23 November 2019 - Data mining

In a recent article submitted to chemrxiv Christopher Southan introduces the reader to the hamburger problem in big data science (link). There are two things that are keeping data scientists from mining the huge mountain of scientific data that has accumulated over the past 200 years. One of them is the pay-wall and the refusal of scientific publishers to make data available. Some time ago this blog featured the efforts of Peter Murray-Rust on this topic (link). But even with the pay wall eradicated, the information is still locked in millions of tiny data parcels called pdf files. Southan reminds us of the quote "We have spent millions putting data into the literature but now have to spend millions more getting it back out". Southan's primary focus is on medicinal chemistry and the assets contained in a typical article: the Document itself (a DOI), the Activity (Assay), the Result, the Compound and the Protein or DARCP for short. CAS-SciFinder is a large chemical database but limits handling to documents and compounds (D-C). Smaller DARCP specific databases exist but they are small and fragmented. Southan notes several shortcomings in the current publication system, the PubChem open chemistry database does currently not have overly active contributors (link), just one journal demands the publication of SMILES, do not expect the collection of identifiers (article, compound) to be complete. Main conclusion: researchers in the medicinal chemistry field are a long way from having their data corraled in a machine-readable database. In terms of the hamburger problem, DARCP is the meat and the pdf the hamburger.

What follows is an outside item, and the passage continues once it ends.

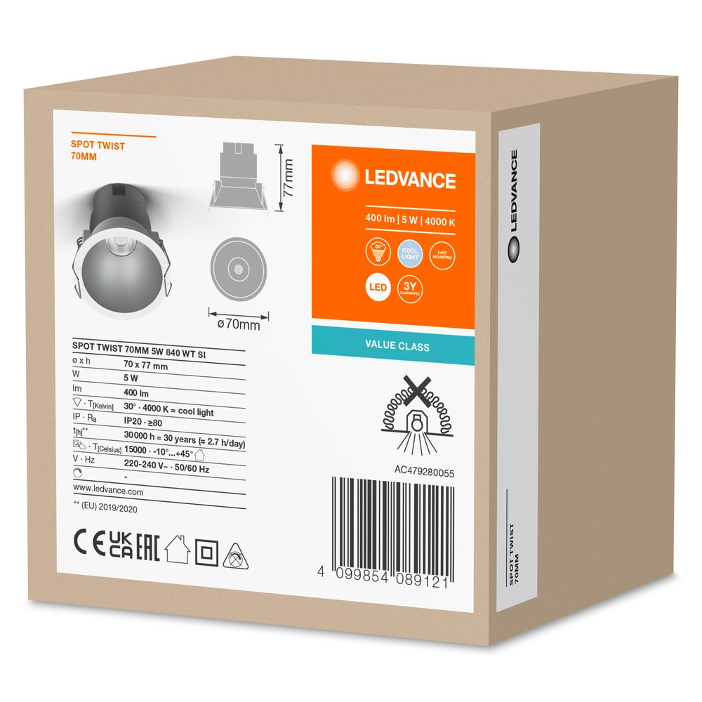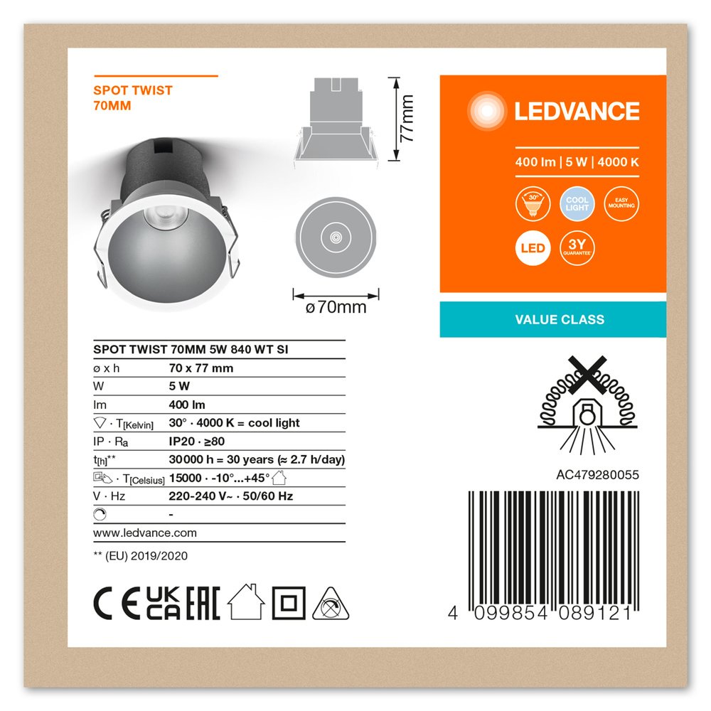 LED SPOT RECESS TWIST PRO 70mm 5W 4000K White Silver
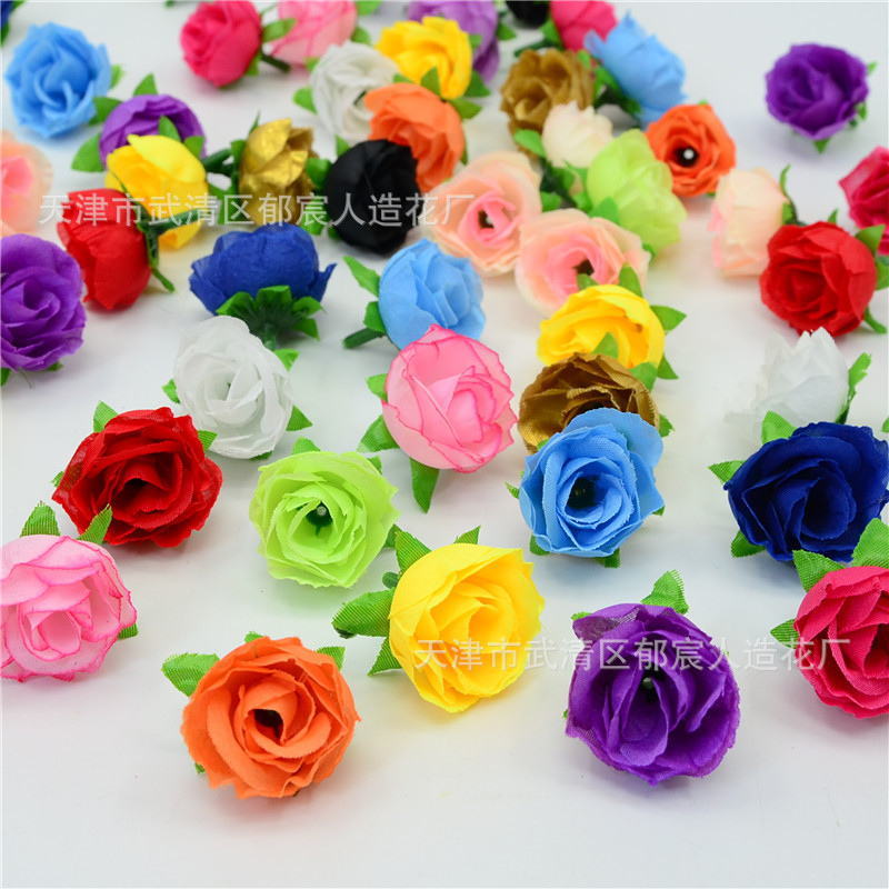 仿真玫瑰花苞批发喜糖盒伴手礼装饰小玫瑰花蕾胸花头饰花绢布假花

As a random trial three open-access articles in the field of medicinal chemistry were examined, all about novel compounds inhibiting enzymes associated with Alzheimer disease. As a plus all three articles (from the European Journal of Medicinal Chemistry, the ( International Journal of Molecular Sciences , Journal of Enzyme Inhibition and Medicinal Chemistry publish the systematic IUPAC names with the compounds synthesized. For comparison, in synthetic organic chemistry the most common identifier for a chemical compound is still compound number 1,2,3 just as it was one hundred years ago. Unfortunately all three articles do not identify the starting materials, making inclusion in a reaction database again cumbersome.